Figure 7. Atg32 overexpression and choline treatment partially rescue mitophagy in opi3‐null cells.

1. Wild‐type and opi3Δ cells expressing mito‐DHFR–mCherry and a chromosomally encoded Atg32–HA were transformed with two Atg32–HA‐expressing plasmids or empty vectors, cultured in the presence or absence of choline, and analyzed as in Fig 1B. Generation of free mCherry (depicted by arrow) from mito‐DHFR–mCherry (depicted by arrowhead) indicated transport of mitochondria to the vacuole. Pgk1 was monitored as a loading control.

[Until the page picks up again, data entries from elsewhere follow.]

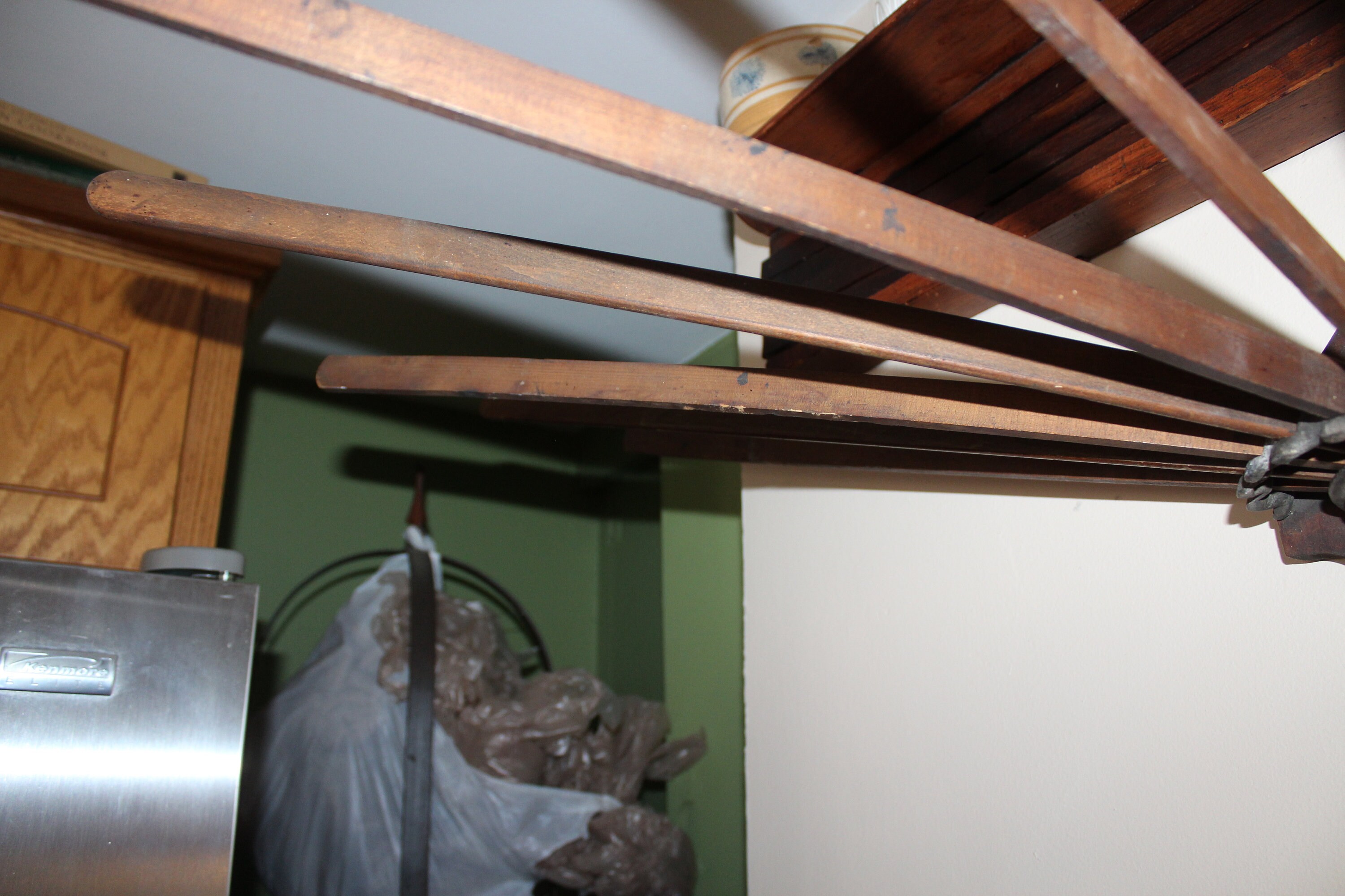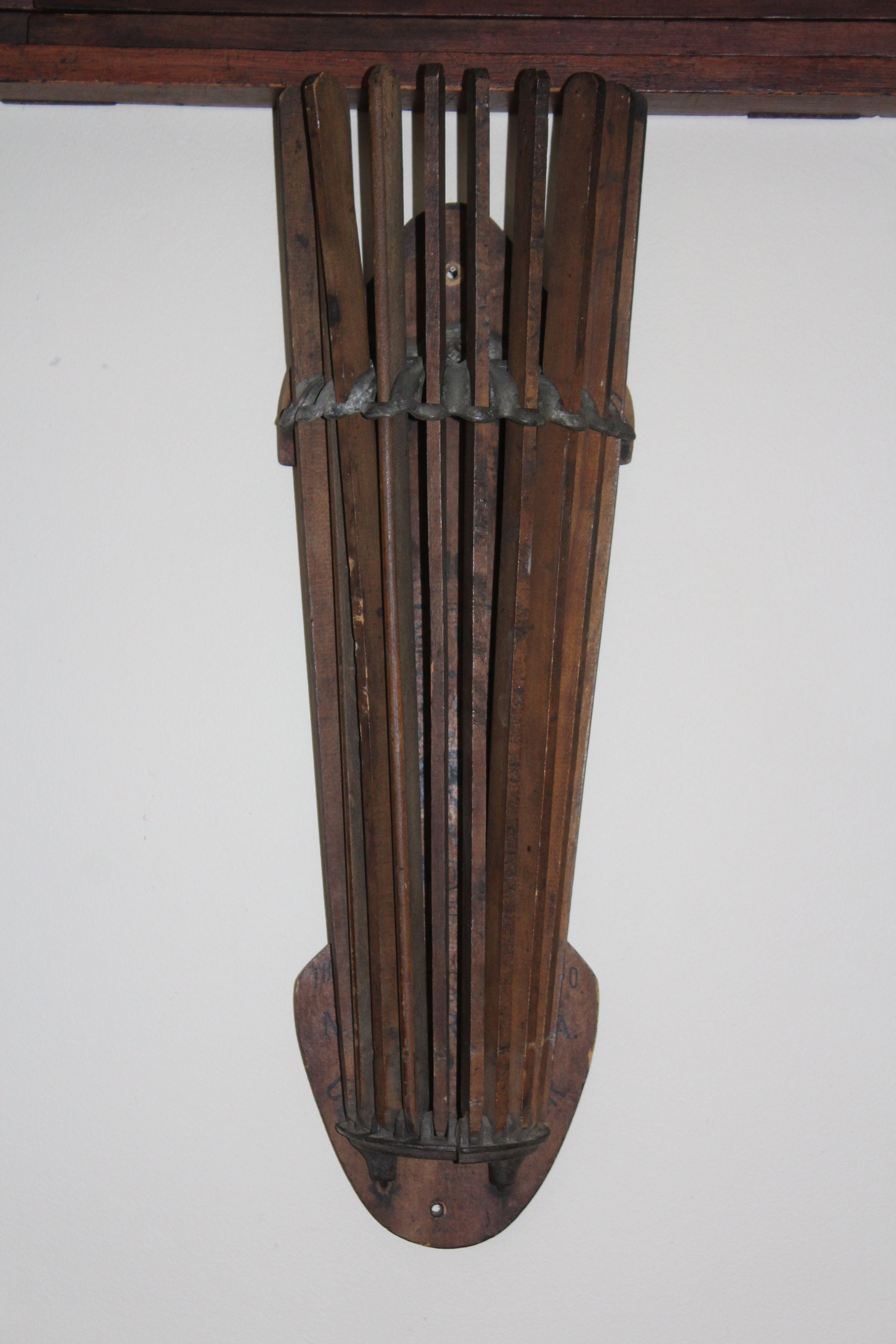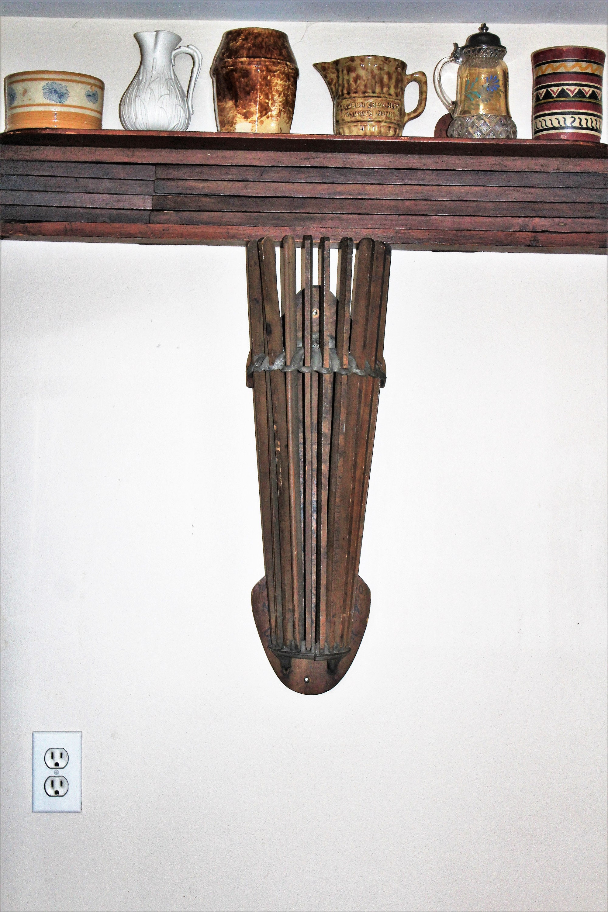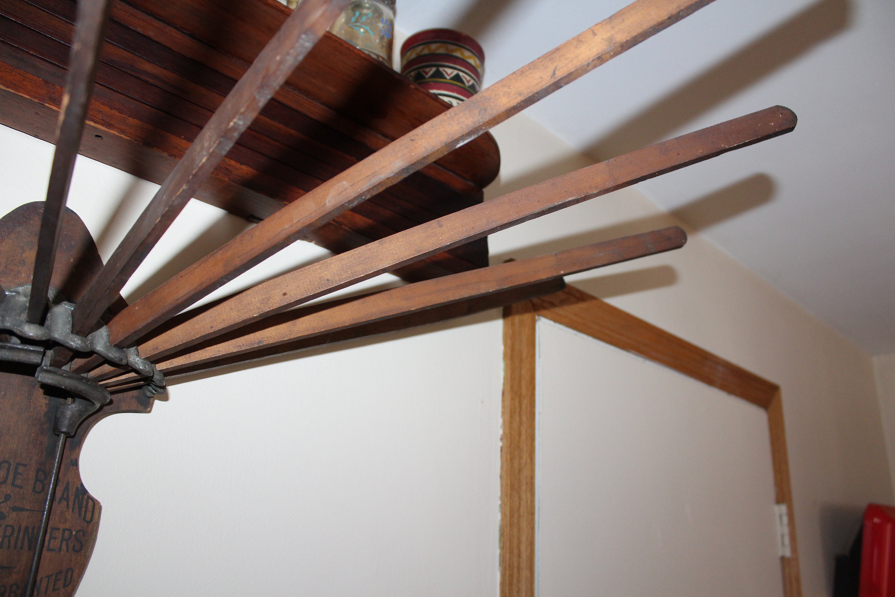 This is a wonderful antique Horse Shoe Brand wooden clothes dryer / hanger, made by the American Wringer Company and perfect for so many uses- drying clothes, towel hanger, dried flowers... Looks great in the laundry room, kitchen, or anywhere in a country home or farmhouse. It measures 25" high when folded and roughly 46" when opened. No damage, great old patina- enjoy! Please note, the shipping cost applies only the the lower 48 continental United States.
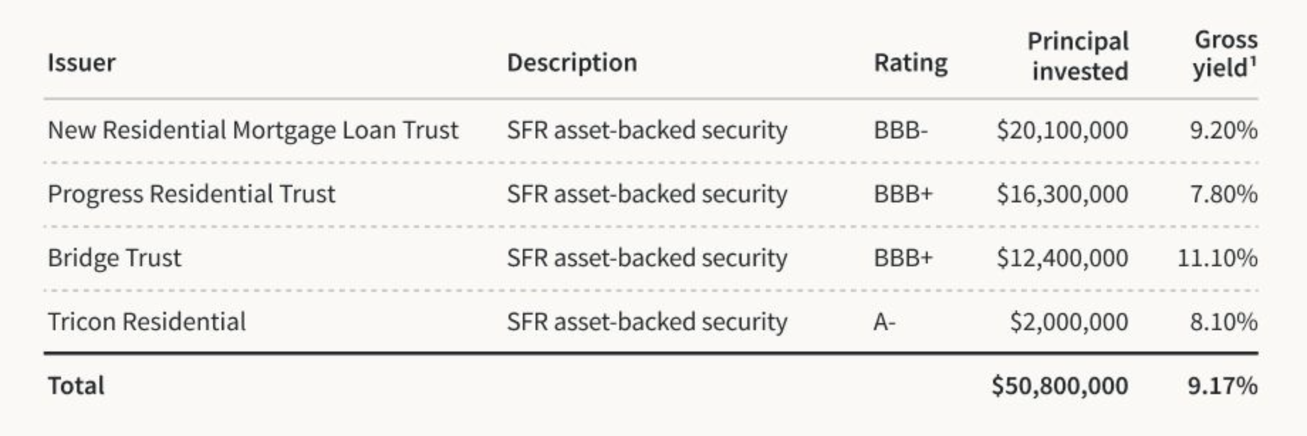 The Income Real Estate Fund began purchasing ABS and homebuilder bonds at the end of last year, and we plan to continue to manage this portfolio on an ongoing basis as long as the current dynamic of pricing dislocation in credit markets exists. We believe this period of exceptionally attractive pricing is temporary and most acute in primary auctions. As before, we intend to focus on ABS pools issued by the most creditworthy borrowers and where the collateral (i.e., the portfolio rental homes) consists of high-quality homes in strong locations that we might otherwise be buyers and owners of in our other funds over the long-term.
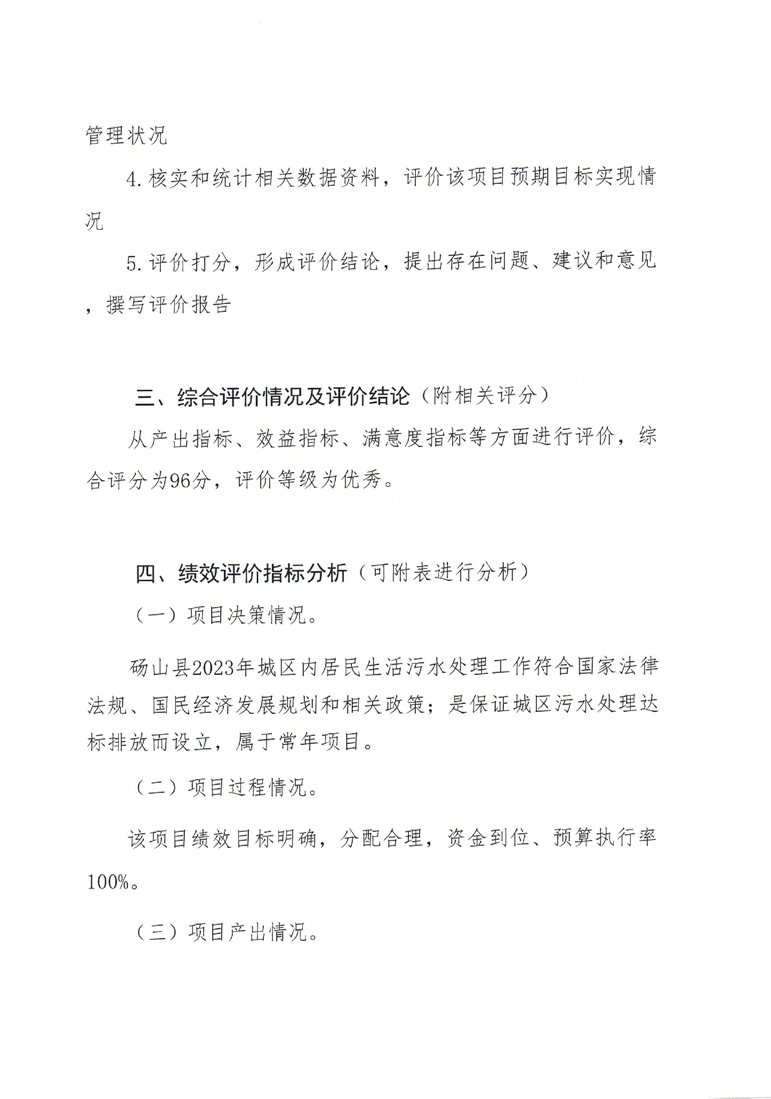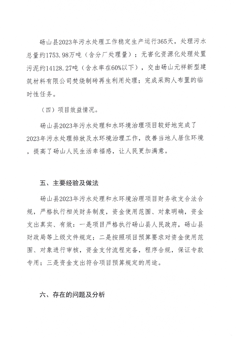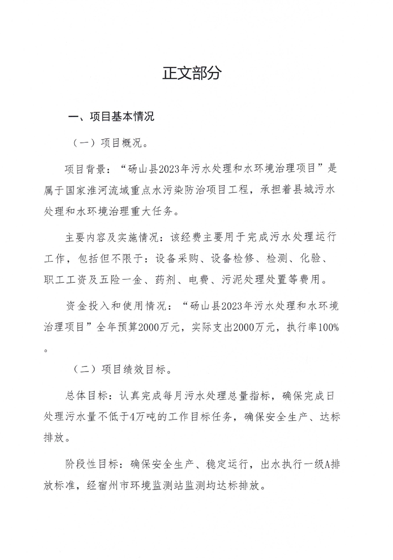 砀山县2023年污水处理和水环境治理项目指出绩效评价报告 |

2. The amounts of free mCherry detected in (A) were quantified at the 72‐h time point as in Fig 1C. The signal intensity value of free mCherry in wild‐type cells containing two empty vectors without choline treatment was set to 100%. Data represent the averages of three experiments, with error bars indicating standard deviations.
3. A model for mitophagy regulation through the phospholipid methylation pathway in wild‐type and opi3‐null cells. PE, phosphatidylethanolamine; PC, phosphatidylcholine; PMME, phosphatidylmonomethylethanolamine; PDME, phosphatidyldimethylethanolamine; GSH, reduced glutathione (see text for details).